All business-related disputes can be resolved in court if it comes to that. The right to turn to the court to settle disputes comes from the constitution. 

In the case of disputes, the type of court to turn to is often already established within the initial contract. If not, the law can provide answers about which court will deal with which kind of dispute. In most cases, it is possible to turn to the court in the local area of the defendant, but there are other options provided by the law in cases of problems within contractual relationships. 

Taking a dispute to court might be the best option, if:

  • Both parties reside in the same country, speak the language, and share the same cultural background
  • It is important to you that the cost of the claim won’t be too high
  • The possibility of contesting the verdict outweighs reaching a solution quickly
  • The business relationship is small to medium and mutual claims probably won’t be too large
  • The nature of the business relationship is common

 

Arbitration

If the court has the right to decide on disputes between parties based on the law, then the authority of an arbitral tribunal comes from the agreement of the parties involved.

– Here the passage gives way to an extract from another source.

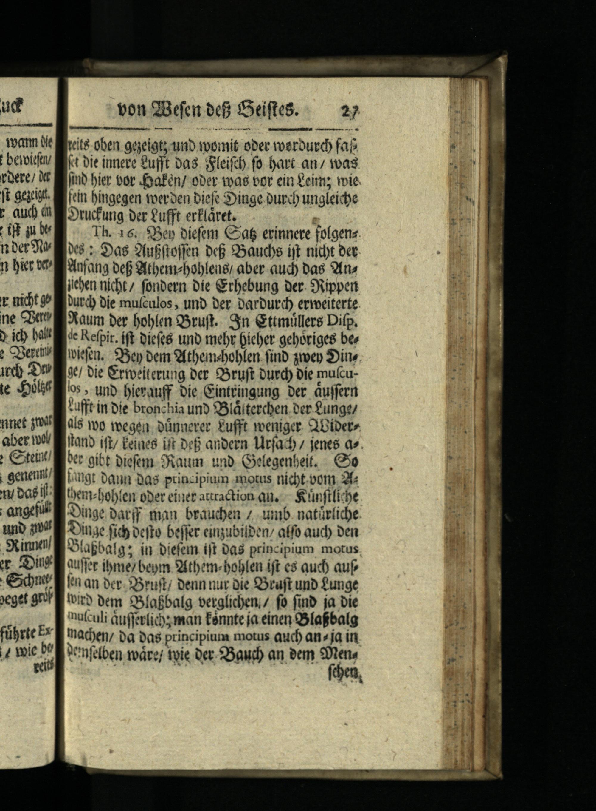 Th. 16... 93er oiefem Ca erinnere foígena 8: 268 2iufftoffen Dg 95aucbs ijt nidt bec Qtafang pef 9ftbemabobleng; aber aud) bas 9fn« iiben nct, fonbern Die&rbebung üer. Ripper Qurd) bie muículos, unb ber Darburd) ervociterte AXaum ber bobien QSruft... Sn Gttmillers Difp. «e Refpir. ift biefeé unb mebr Gicber geboviges bee wiefen. Sep bem 9ftbemdoblen. finb 3men Sine 9t/ bie rtveiterung Der. O3ruft Durd) Die muícuo, unb Dierauff vie Ginttingung Der auffern "ufftin bie bronchia un»$Bláitercben. ber£unge/ àl$ op teegen. oünaerer. Eufft weniger. QiDiDete tan» ift/ Éeines ift beB anbern Mrfado/ jenes a». ber gibt Diefem Jam. unb. etegenbeit. o agt bann Da8 prinzipium motus nicbt.ootm. 3f Dem»boblen oper eine auraction au,— ünftlicbe Jinge Dari. man. braudyen 7 umb. natür(idje ^Dinae fid) peto beffer cingubilben, affo aud) Den Oapbalg; in Diefem ijt Da8 principium motus Quffr ibme/beom Qitbem-boblen ift c$ aud) auf lt qn ber 3Sruft; Denn nur Die SOruft unb funge lvi? bem. O3afbalg teralicben;/ fo finb ja bie matculi Qufev(icys man Eénnte ja eínen QSfafbalg nadyen/ bà bas principium motus aud) an» ja in Venfelben táre/ foie Qer-SBaud) an eem tens

The dispute can’t be referred to arbitration unless both parties are in agreement about doing this. The big advantage of using arbitration is the fact that the decisions that are reached will more likely be enforced outside the European Union/European Free Trade Area. About three-quarters of the world’s countries mutually recognize the arbitral awards that have been rendered in other countries. 

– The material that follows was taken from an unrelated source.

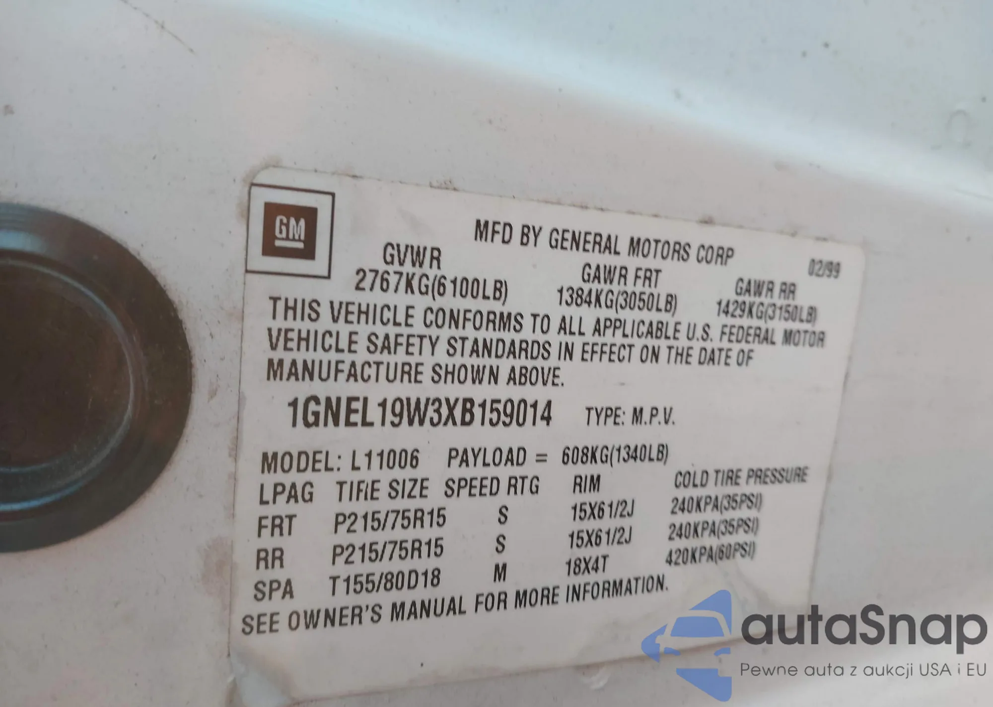 LOT: 43777502 VIN: 3GNCJLSB0FL167763

You should carefully weigh the arbitration agreement with what kind of arbitration intuition to choose, what the place and language of the arbitration should be, and how many arbitrators should be brought in to solve the dispute. Arbitration institutions do offer standard provisions, but you should talk to a specialist about phrasing the arbitration agreement. Not all disputes can be settled with the arbitration. Check, as regulations on this differ between countries. 

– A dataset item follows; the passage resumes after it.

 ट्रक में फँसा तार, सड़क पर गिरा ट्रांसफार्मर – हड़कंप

Subjecting the dispute to arbitration is the best choice, if:

  • one of the parties is located outside the EU/EFTA;
  • it’s important that the proceedings would be held and that the evidence could be submitted in English;
  • parties want to keep information about the dispute confidential;
  • parties are invested in a fast resolution;
  • the dispute settlement body needs to have a good understanding of economic relationships and the bigger picture.